But before Trump Herman Cain scared the bejeezus out of the Left and the status quo Establishment…in part because he was first, black, second, a Christian, and third, from the private sector.

So Donald Trump wasn’t the first to cross “the People’s” path. Both the inside-the-Beltway class and the Democrats feared anyone who could disprove by their own success formulas that what the Democrats had been selling to voters for generations was a total lie.

 

That said, a Natural Law reminder from the first settlers in Massachusetts and Virginia, to the  Founders, then Lewis and Clark, and the trailblazers who followed them, thence to the Wright Brothers…

…Somebody always has to go first to find all these things out.

In that vein, for the past year I’ve been seeing/hearing many Trump supporters moaning how he blew it that first term by not hiring better advisors and staff. Too many let him down. Not being a political insider Trump had to rely on too many whispers in the ear that were often self-aggrandizing…and that is a major short-coming.

It doesn’t have to necessarily work that way.

Dr Larry Schweikart, the noted historian, @WallsOther on Twitter, has graciously noted the “shortcomings” of Abraham Lincoln, who arrived in Washington in 1861, already with a secession-of-states to deal with simply because he had been elected, and had virtually no one he could rely on for solid advice that wasn’t somehow tainted with at least some degree of self-promotion, as well as downright snobbery for this out-of-the-loop hick from Illinois.

Since the rise of the bureaucratic state, Woodrow Wilson era, for over 100 years now, presidents have had to rely on others to ensure they were capably and honestly being advised by people and who were on the same page as the President.

Obviously Donald Trump could find very few, for anyone in Washington who pledged allegiance to him immediately signed their own social-status death warrant.

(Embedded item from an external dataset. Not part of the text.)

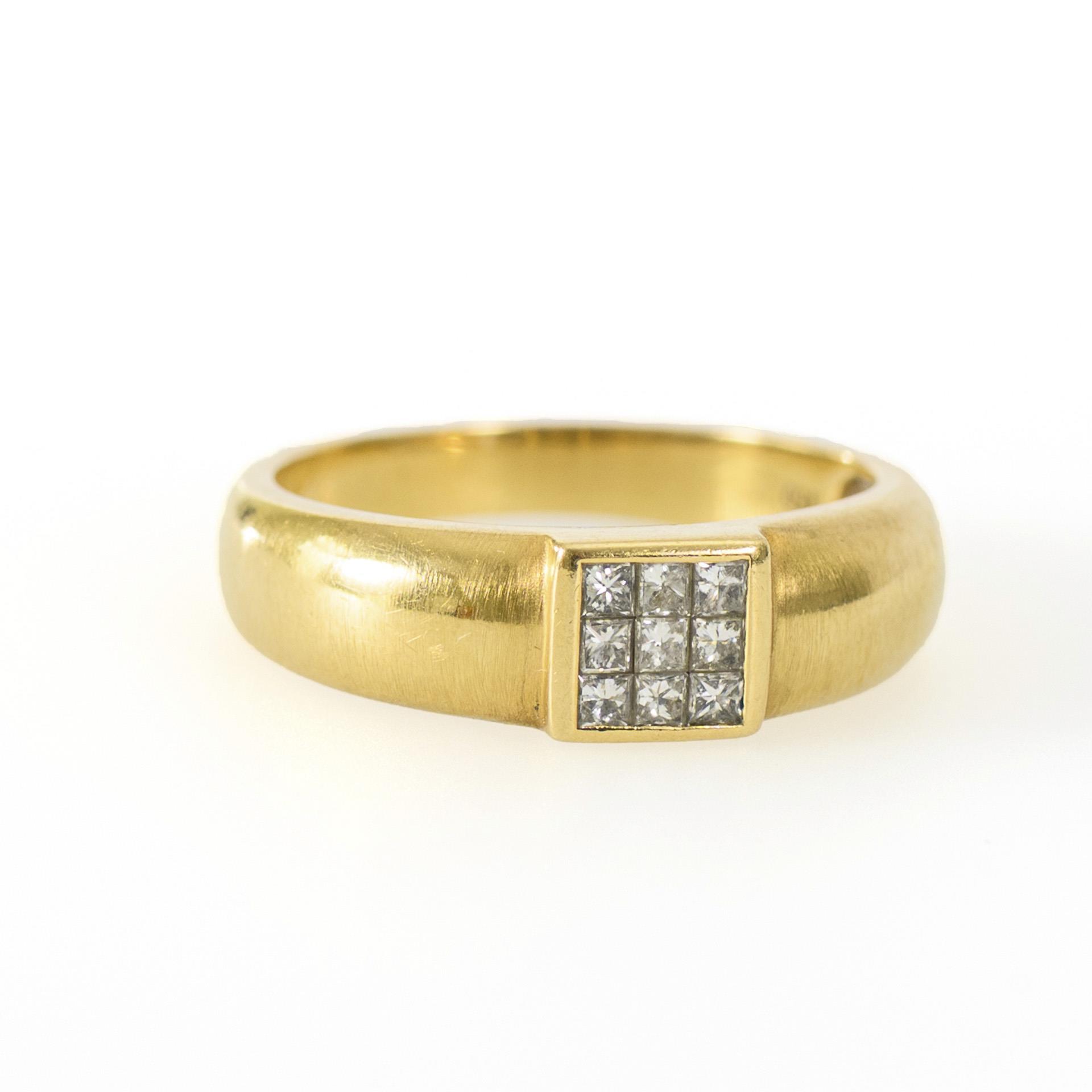 Ring mit quadratisch 3 x 3 angeordneten Diamanten in einer klassischen, abgerundeten Ringschiene. Leichte Tragespuren.

So, in preparation for this next round, I’m sure Mr Trump has come up with some sort of “kitchen cabinet” arrangement from where he can do original thinking. I think Schweikart, Ben Carson, General Flynn, Mike Pompeo, and others can advise him as how best to establish an 8-16 year plan, reducing the spending and regulatory power of the federal government, and through them, properly liaised, the several states.

And shut the media completely out. We now know the true size of Media’s constituency, no more than 30%, and their ability to wreak havoc actually reduced greatly after that first bloody nose, so I imagine that in a short period The People can reassert control of their governments top-to-bottom, and return to gigging frogs down on Gray’s Creek.